▸ **Task goal**: Pictures stay out, but every line of the data is copied exactly.

▸ **Data excerpt**:
· · ·
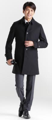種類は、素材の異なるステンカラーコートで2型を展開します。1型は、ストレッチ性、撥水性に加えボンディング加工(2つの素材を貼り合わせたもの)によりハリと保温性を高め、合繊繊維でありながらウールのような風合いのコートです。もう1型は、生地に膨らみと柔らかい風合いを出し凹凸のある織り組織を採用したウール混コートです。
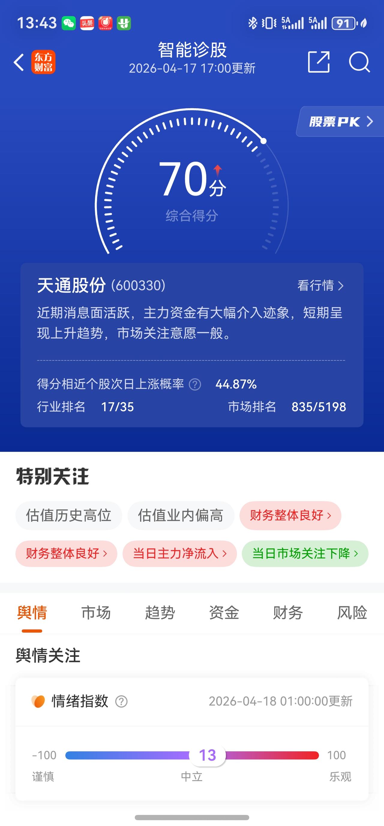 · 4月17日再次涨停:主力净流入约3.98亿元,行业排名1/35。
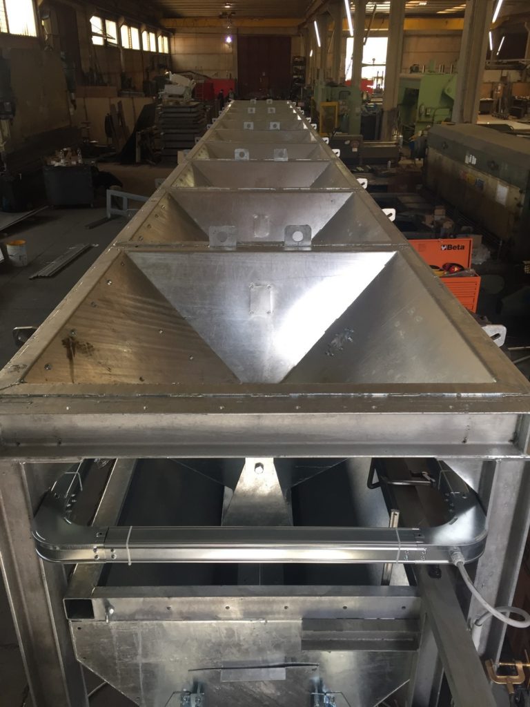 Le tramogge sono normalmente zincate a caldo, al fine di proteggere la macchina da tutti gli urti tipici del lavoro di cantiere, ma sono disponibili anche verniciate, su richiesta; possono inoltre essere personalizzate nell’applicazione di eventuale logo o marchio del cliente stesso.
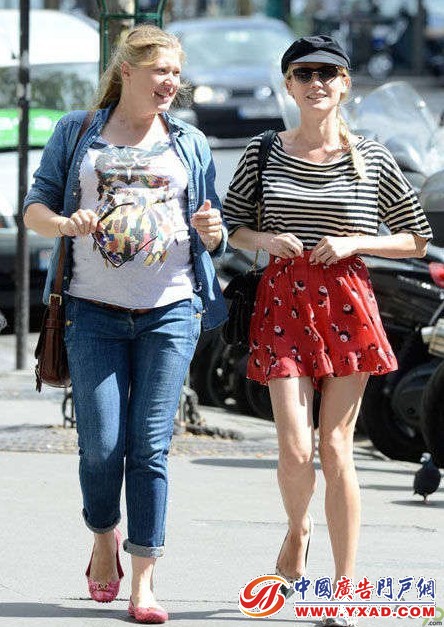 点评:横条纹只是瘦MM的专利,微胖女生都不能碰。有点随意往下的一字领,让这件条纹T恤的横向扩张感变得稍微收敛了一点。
· · ·
▸ **Task answer**:
種類は、素材の異なるステンカラーコートで2型を展開します。1型は、ストレッチ性、撥水性に加えボンディング加工(2つの素材を貼り合わせたもの)によりハリと保温性を高め、合繊繊維でありながらウールのような風合いのコートです。もう1型は、生地に膨らみと柔らかい風合いを出し凹凸のある織り組織を採用したウール混コートです。
 · 4月17日再次涨停:主力净流入约3.98亿元,行业排名1/35。
 Le tramogge sono normalmente zincate a caldo, al fine di proteggere la macchina da tutti gli urti tipici del lavoro di cantiere, ma sono disponibili anche verniciate, su richiesta; possono inoltre essere personalizzate nell’applicazione di eventuale logo o marchio del cliente stesso.
 点评:横条纹只是瘦MM的专利,微胖女生都不能碰。有点随意往下的一字领,让这件条纹T恤的横向扩张感变得稍微收敛了一点。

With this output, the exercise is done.